2028 : c’est la date à laquelle la « civilisation fossile » aura entamé son basculement vers une économie non carbonée. Résolument optimiste, l’auteur de cette prophétie, économiste particulièrement écouté, est persuadé que l’humanité peut passer en quelques années à un mode de production basé à 100 % sur les énergies renouvelables.
Comment est-ce possible alors qu’en 2017, la part du solaire et de l’éolien représentaient seulement 3% de l’énergie produite ? Tout simplement parce que c’est là que se trouvent les plus gros gisements de croissance. Les coûts ont baissé. Les solutions technologiques existent. Les choses ont déjà commencé à bouger. Et comme l’explique Rifkin dans une interview au Monde, le mouvement va aller en s’accélérant : « selon Carbon Tracker Initiative, un think tank britannique, ce point de bascule sera atteint lorsque 14 % de l’électricité sera fournie par le soleil et le vent. » Autre indice évoqué cette fois-ci devant Le Figaro : « selon Bloomberg, 20 % des véhicules vendus en 2028 seront électriques, contre 2,5 % aujourd’hui. »

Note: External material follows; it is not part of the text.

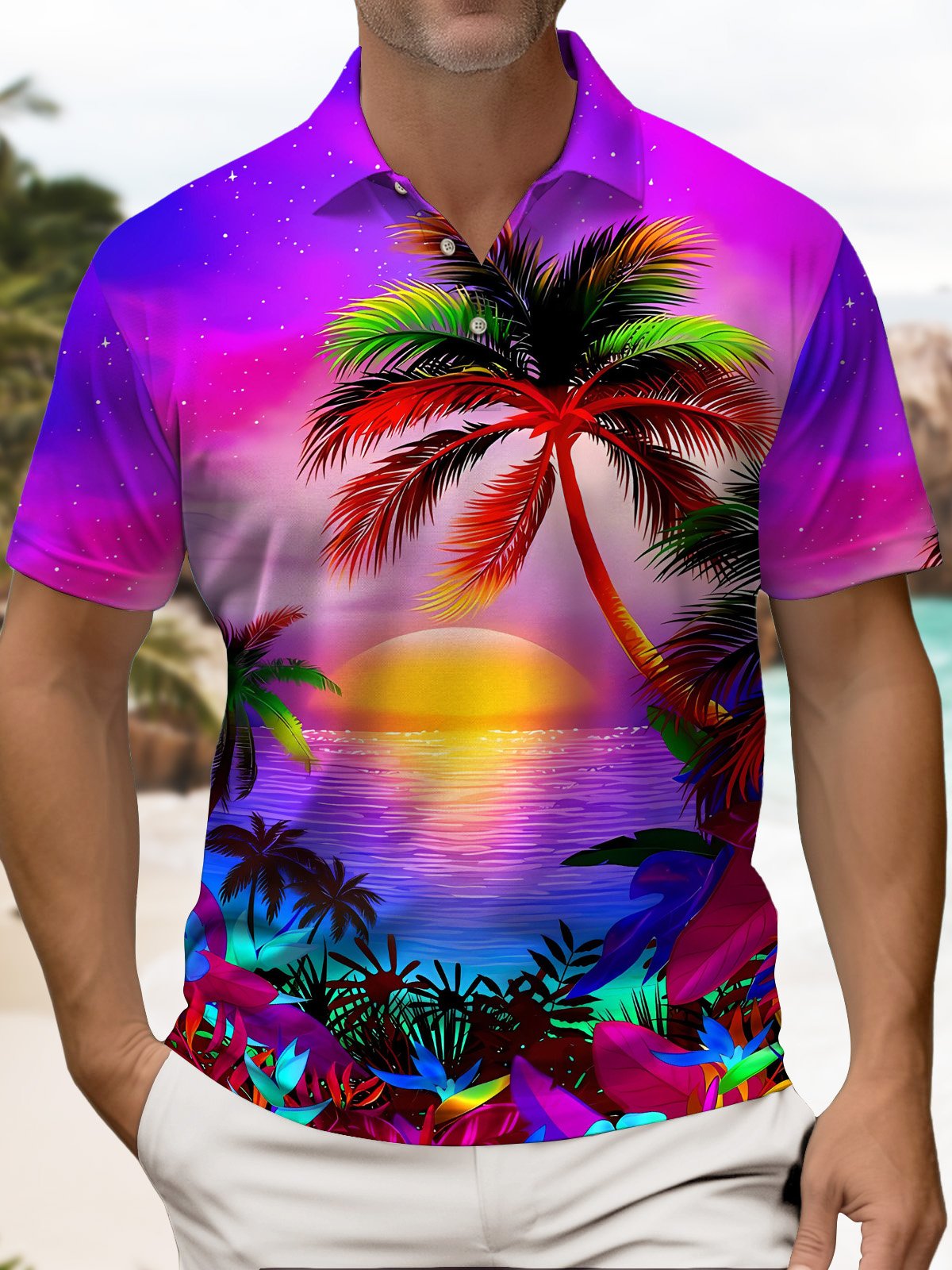 Alohadaddy® Hawaii Sunset Beach Palm Trees Print Art Men's Short Sleeve Polo Big & Tall

Le marché au secours de la transition énergétique
Contrairement aux partisans d’un dirigisme frugal, qui pensent que le capitalisme ne saurait changer la donne là où il a failli en contribuant au saccage de la planète, Rifkin croit dans l’économie ouverte. Il voit dans les marchés l’allié de la transition énergétique. Pour favoriser le basculement, il va falloir investir des sommes considérables. Cet argent, pour Rifkin, viendra en grande partie des fonds de pension, ces mécanismes d’épargne qui pèsent aujourd’hui 37 000 milliards de dollars. Tout l’enjeu du New Deal qu’il appelle de ses voeux consiste à accélérer l’allocation de ressources vers les énergies non polluantes au risque de « plonger dans les abysses ».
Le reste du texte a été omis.